Why Structured Due Diligence Should Precede Any UK or EU Filing
For US sterile injectable companies holding FDA-approved ANDAs, international expansion often begins with a practical question:
“What would it take to file this product in the UK or EU?”
That question is reasonable — but incomplete.
A more valuable starting point for senior management is:
“Should we file at all, and under what conditions?”
The distinction matters. Filing is an operational step. Due diligence is a strategic one.
Due diligence is not regulatory paperwork — it is risk control
When companies move directly from interest to execution, they typically focus on:
Identifying the regulatory pathway
Mapping submission requirements
Estimating timelines to approval
All of which are necessary.
What is often missing is a structured, integrated assessment of:
The extent to which the existing ANDA data package is genuinely portable
Where regulatory interpretation risk may sit
Whether additional data generation is likely
The true manufacturing and tech transfer implications
How these factors affect cost, timing, and commercial viability
Without this assessment, filing decisions are made on partial information
The cost of filing before clarity
When programmes encounter difficulty, it is rarely because the science fails.
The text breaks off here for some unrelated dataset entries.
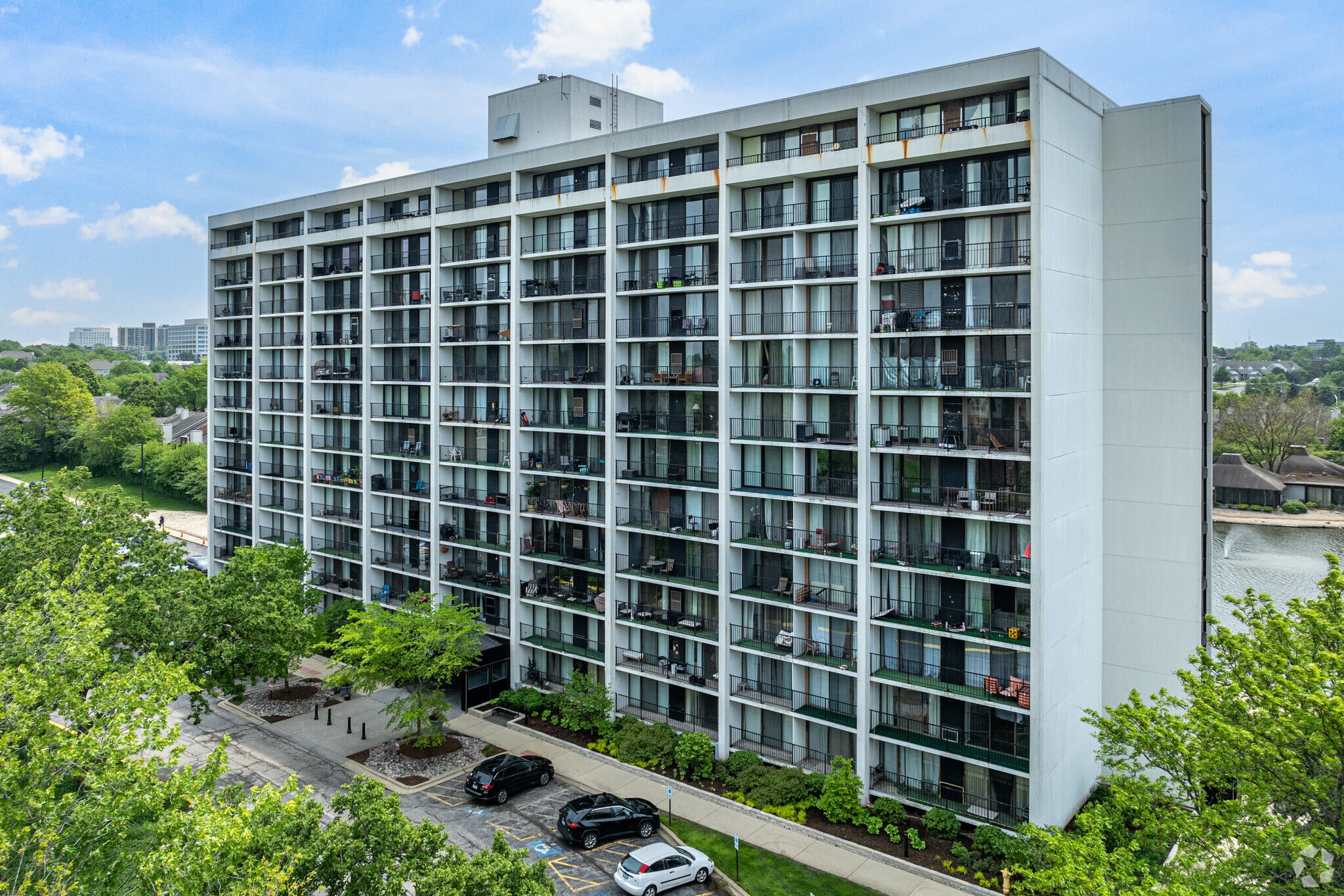 Cove Landing is a 12-story condominium building located in the South Lombard neighborhood. Completed in 1975, this building houses 151 units and offers a straightforward, modern design. Its grid-like facade of balconies and windows provides a clean and functional aesthetic. The building is centrally located with quick access to major highways and nearby amenities, making it a convenient place to call home.
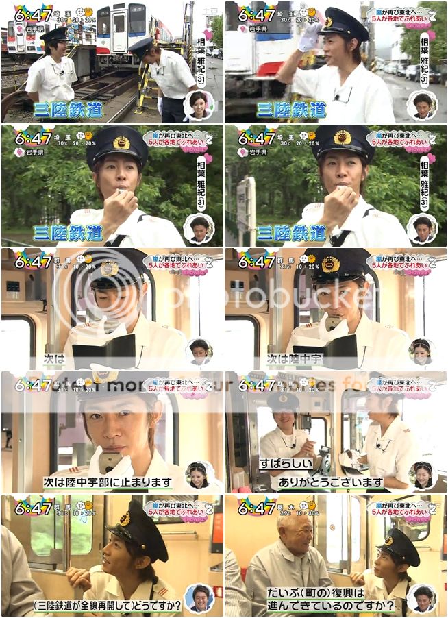 雅紀的部分是一日車掌!不知道為何,看到這個造型的雅紀就很想笑呢。很有車掌架勢嘛。報車站名字為什麼要那個眼神啊!!超級搞笑的!
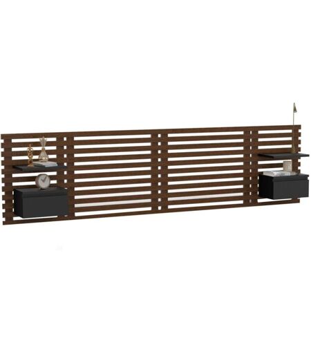 IDMARKET Cabecero de lamas ava con madera antigua de 240 cm y muebles altos negros
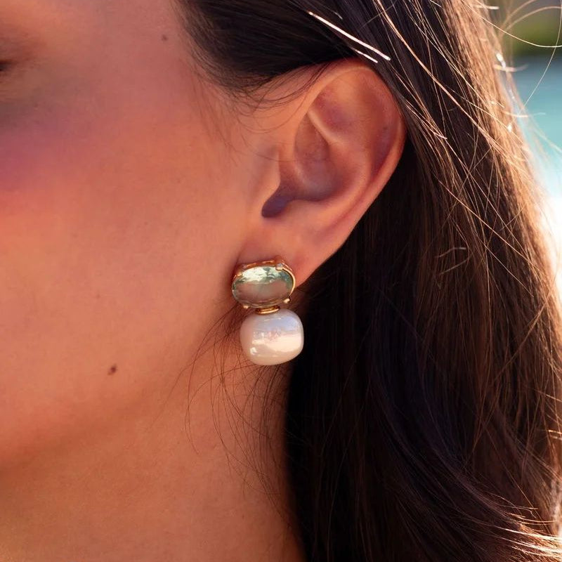 Brinco Pedra Natural com Pérola Shell
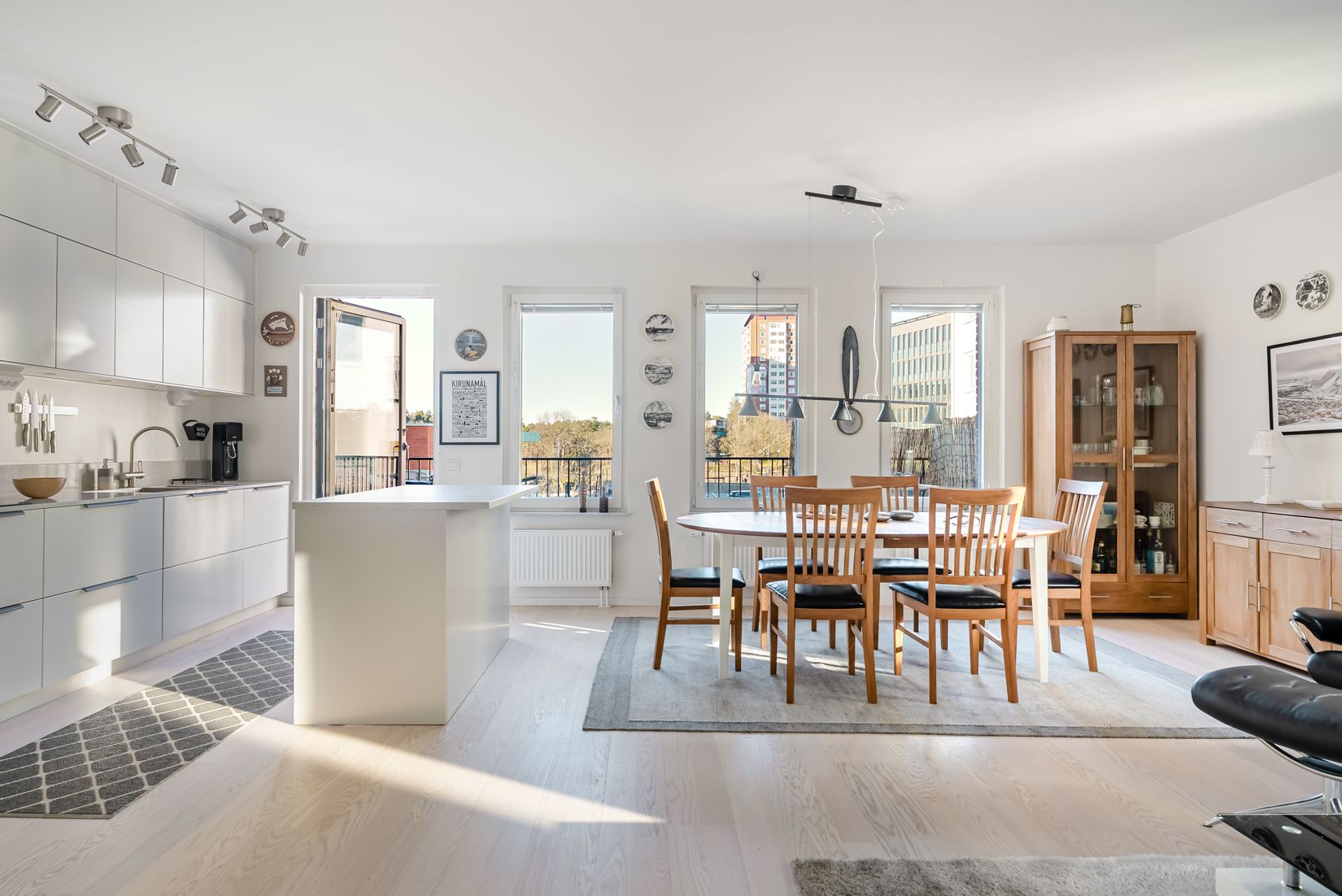 Bostaden går att göra till en fyra, se alternativ planlösning. Lägenheten öppnar upp med en rymlig hall med gott om plats för avhängning av ytterkläder. Här finns två trivsamma sovrum och ett vardagsrum med flertalet fönster och utgång till en stor balkong om 9 kvm med ett högt och fritt läge. Den öppna planlösningen mellan vardagsrummet, matplatsen och köket skapar en luftig och social miljö. Badrummet är utrustat med golvvärme, duschhörna, wc, handfat, en generös avlastningsyta, tvättmaskin och torktumlare. Allt är i mycket gott skick.

More often, it is because assumptions were not stress-tested early.
Late-stage regulatory questions can lead to:
Additional data commitments
Extended review cycles
Unplanned manufacturing adjustments
Margin erosion
These are not catastrophic failures — but they are expensive and distracting.
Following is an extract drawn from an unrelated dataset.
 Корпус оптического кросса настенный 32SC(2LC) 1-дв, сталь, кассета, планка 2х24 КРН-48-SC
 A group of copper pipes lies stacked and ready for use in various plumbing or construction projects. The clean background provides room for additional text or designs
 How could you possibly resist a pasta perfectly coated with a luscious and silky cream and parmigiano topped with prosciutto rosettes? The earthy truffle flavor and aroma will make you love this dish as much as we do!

For sterile injectables, where operational discipline and supply reliability are critical, the cumulative effect can materially affect the business case.
A structured due diligence phase exists to prevent precisely this kind of drift.
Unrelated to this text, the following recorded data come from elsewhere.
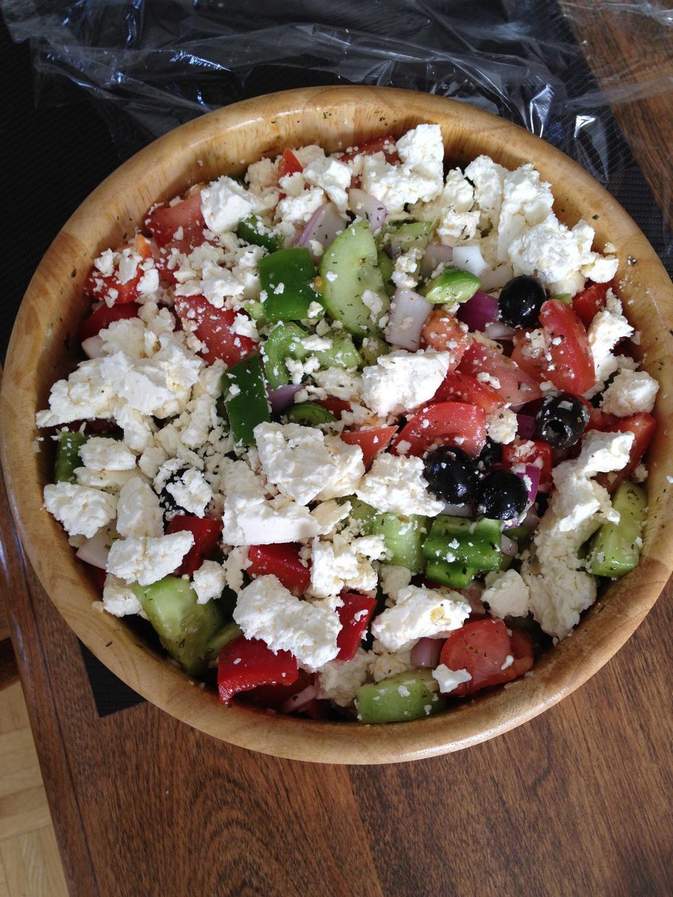 Make dressing (mix olive oil, red wine vinegar, mint, oregano and dill)
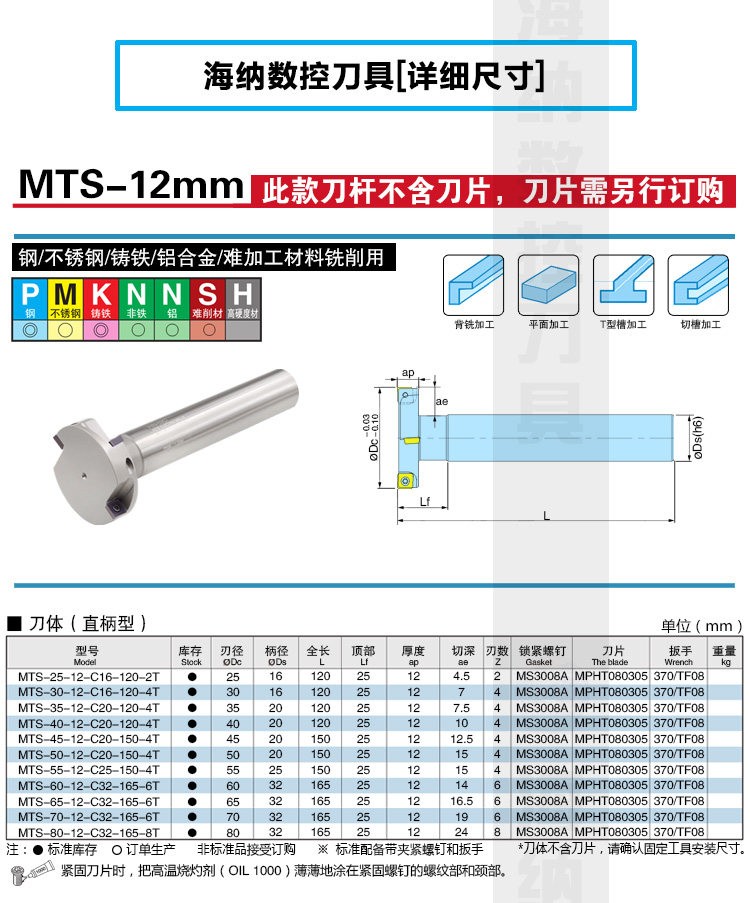 MTS-12三面刃T型槽铣刀杆
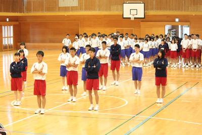 生徒たちの速やかな行動のおかげで時間にも余裕を持って一日が過ごせたようです。これから気温も上がつことが予想されます。水分補給をしっかりして熱中症対策をしてください。生徒の皆さん体育大会楽しみにしています!!
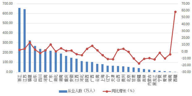 圖5  2018年上半年各地區建筑業從業人數及增速
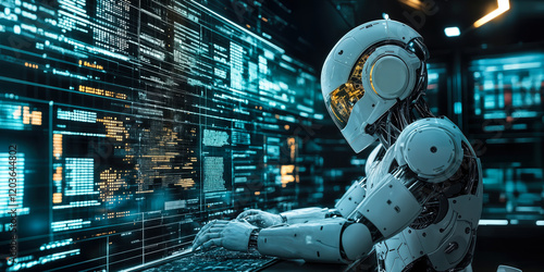 Advanced AI Robot Conducting Automated Market Analysis in a High-Tech Environment

What structured due diligence should deliver
An effective assessment does more than confirm that a pathway exists. It should provide senior management with:
A clear statement of regulatory feasibility
Identification of likely areas of scrutiny
A defined scope of any additional work required
A fully costed execution plan
An integrated view of regulatory, technical, and commercial risk
Equally important, it should provide the confidence to decide not to proceed if the case does not hold.
Clarity is the objective — not momentum.
The discipline of deciding early
One of the most valuable outcomes of structured due diligence is the ability to preserve optionality.
Before filings begin, before manufacturing changes are locked in, before supply chains are adjusted, management retains flexibility.
After those commitments are made, flexibility reduces rapidly.
This is why the most effective international expansions I observe begin with a deliberate pause. Not to delay progress, but to ensure that progress is grounded in evidence.
Conclusion
An FDA-approved ANDA is a strong foundation. But UK and EU market entry is not an automatic extension of that approval.
Structured due diligence should precede any filing decision because it transforms a regulatory exercise into a managed commercial strategy.
For senior leadership, that distinction is not academic. It is the difference between expansion that creates value — and expansion that consumes it.